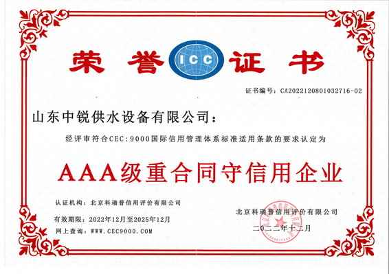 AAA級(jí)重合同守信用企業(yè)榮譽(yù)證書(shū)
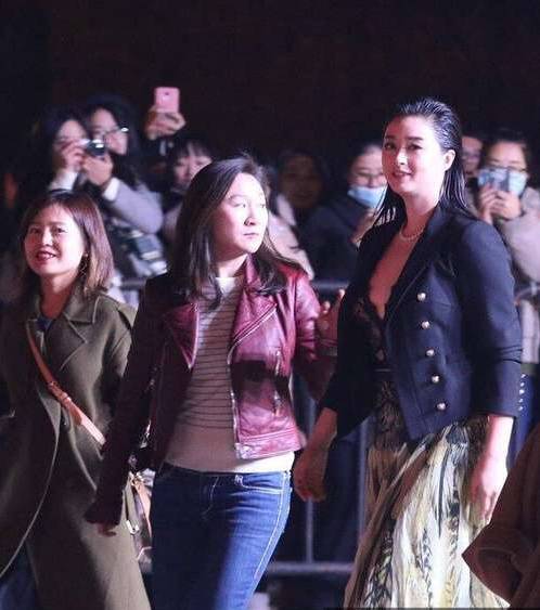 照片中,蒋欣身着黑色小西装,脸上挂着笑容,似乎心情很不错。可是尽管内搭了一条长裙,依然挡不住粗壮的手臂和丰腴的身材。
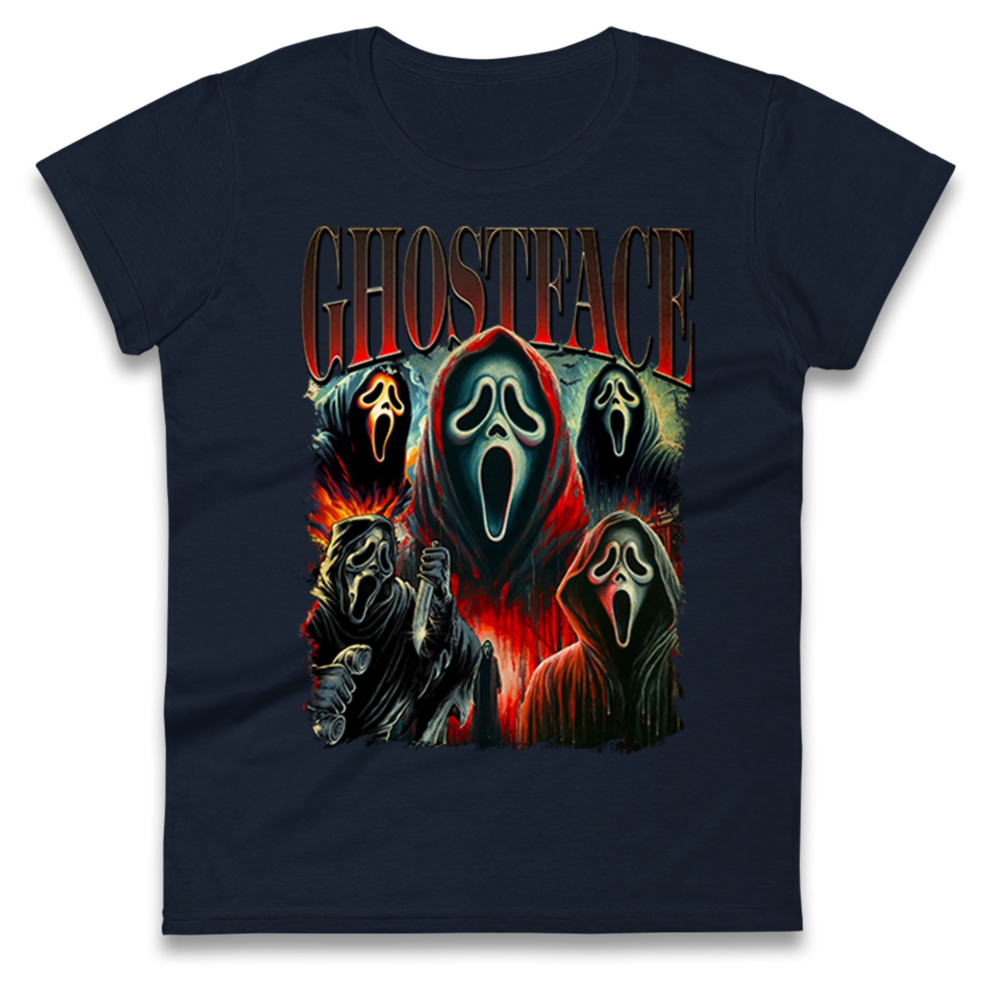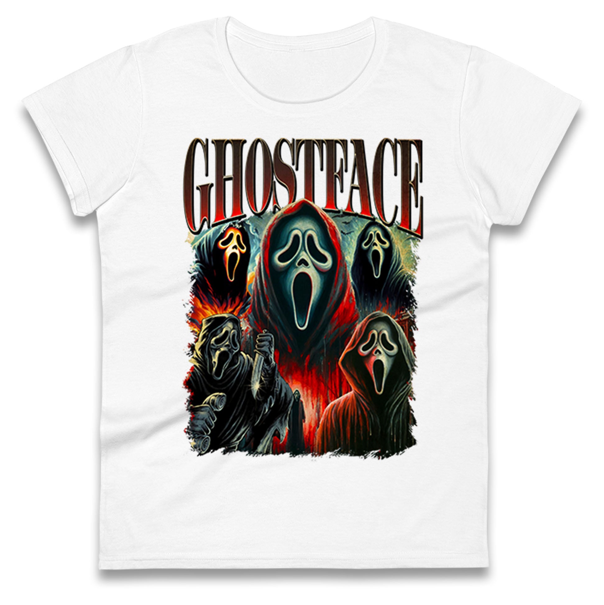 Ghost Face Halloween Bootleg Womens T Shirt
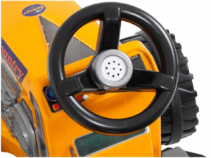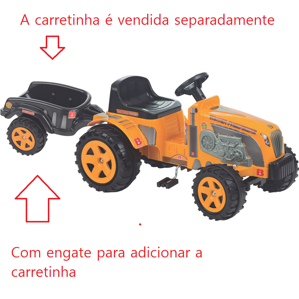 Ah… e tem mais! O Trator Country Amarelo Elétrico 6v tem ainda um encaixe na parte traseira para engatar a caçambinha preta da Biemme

# Work instructions:
Please restate the whole listing exactly, without any of its pictures.

# Your solution:
 AAA級(jí)重合同守信用企業(yè)榮譽(yù)證書(shū)
 照片中,蒋欣身着黑色小西装,脸上挂着笑容,似乎心情很不错。可是尽管内搭了一条长裙,依然挡不住粗壮的手臂和丰腴的身材。
 Ghost Face Halloween Bootleg Womens T Shirt
 Ah… e tem mais! O Trator Country Amarelo Elétrico 6v tem ainda um encaixe na parte traseira para engatar a caçambinha preta da Biemme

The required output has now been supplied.